Here's how to write technical content that actually helps people.
Start With the Problem
Don't start with what your thing does. Start with why someone would care.
Bad:
MyTool is a CLI utility that processes JSON files and outputs CSV.
Good:
Need to convert JSON to CSV? MyTool does it in one command.
The reader's question is always "why should I care?" Answer it first.
Front-Load Information
Put the most important thing first. Every time.
Structure your content like a newspaper, not a novel:
- The answer
- The details
- The edge cases
- The history (if anyone cares)
Most readers won't finish. Make sure they get value even if they stop early.
Use Examples
Abstract explanations are hard to follow. Examples are easy.
Bad:
The function accepts an optional callback parameter that is invoked with the result upon completion.
Good:
# Basic usage
result = fetch_data("users")
# With callback
fetch_data("users", callback=lambda r: print(f"Got {len(r)} users"))Show, don't tell. Then tell if needed.
Write Short Sentences
Long sentences with multiple clauses that introduce several concepts while also providing context and caveats are hard to parse.
Short sentences are easy.
One idea per sentence. Break up complexity.
Use Headers
Walls of text are intimidating. Headers let readers scan.
Good headers:
- Tell you what's in the section
- Work as a table of contents
- Help readers find what they need
Someone should be able to skim your headers and understand the structure.
Be Direct
Technical writing isn't the place for hedging.
Bad:
You might want to consider possibly using environment variables for configuration, as this could potentially be a good practice.
Good:
Use environment variables for configuration.
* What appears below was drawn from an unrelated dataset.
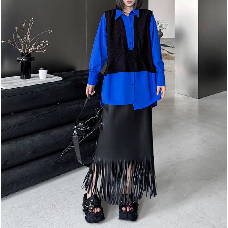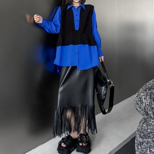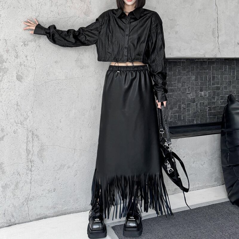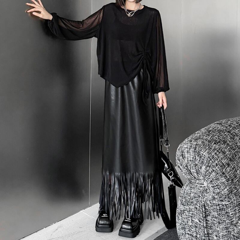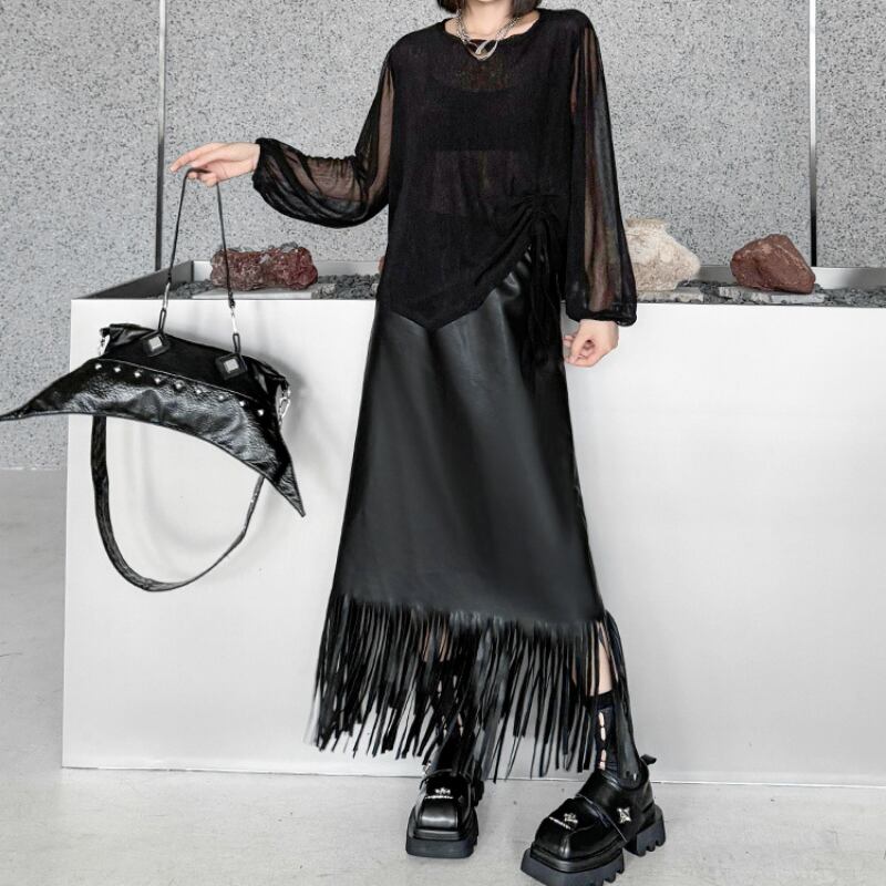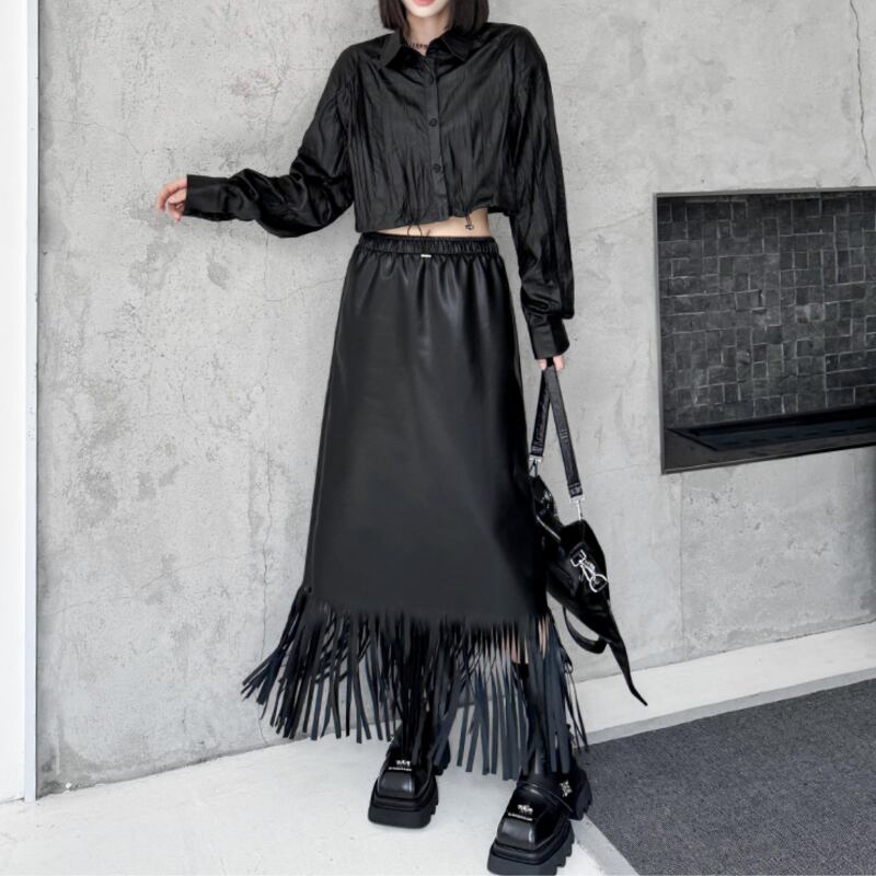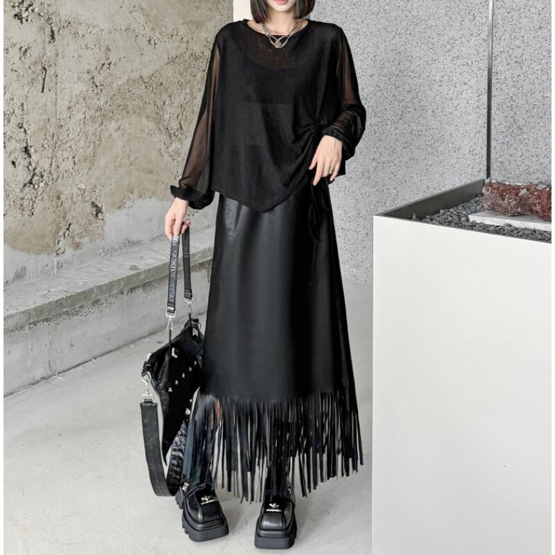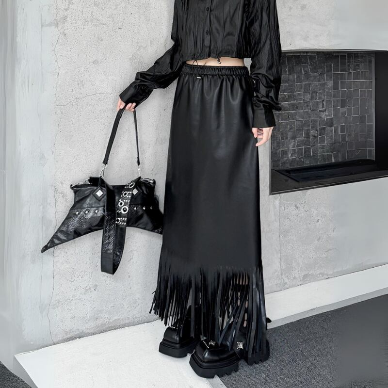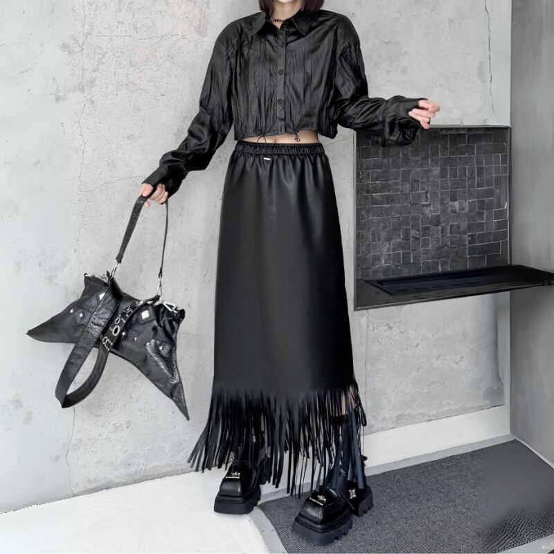 上質なエコレザーの生地は、クールな印象を与えつつ、フリンジの軽やかな動きで女性らしい柔らかさをプラスします。

Say the thing. If there are caveats, state them clearly after.
Delete Words
First drafts have too many words. Edit ruthlessly.
- "In order to" → "to"
- "Due to the fact that" → "because"
- "At this point in time" → "now"
- "It is important to note that" → (just say the thing)
Every word should earn its place.
Know Your Audience
A tutorial for beginners reads differently than API docs for experts.
For beginners:
- Explain concepts
- Don't assume knowledge
- Show every step
For experts:
- Get to the point
- Assume context
- Focus on what's different
One document rarely serves both. Pick your audience.
Test Your Writing
The best way to know if documentation works: watch someone use it.
- Do they get stuck?
- Do they skip sections?
- Do they ask questions you thought you answered?
If you can't watch users, have a colleague try to follow your docs cold.
Common Mistakes
Burying the lede. Three paragraphs of context before the actual information.
Assuming knowledge. "Just use Docker" (what if they don't know Docker?).
Over-explaining. Ten paragraphs when two would do.
No examples. All theory, no practical application.
Outdated content. Nothing kills trust like wrong instructions.
My Process
- Write fast, don't edit
- Add examples for every concept
- Delete half the words
- Add headers to break up sections
- Read it aloud (catches awkward phrasing)
- Have someone else try to follow it
The last step catches the most issues.
The Goal
Good technical writing is invisible. Readers get what they need and move on.
Bad technical writing makes them think about the writing—parsing sentences, hunting for information, re-reading to understand.
Write so clearly that the writing disappears.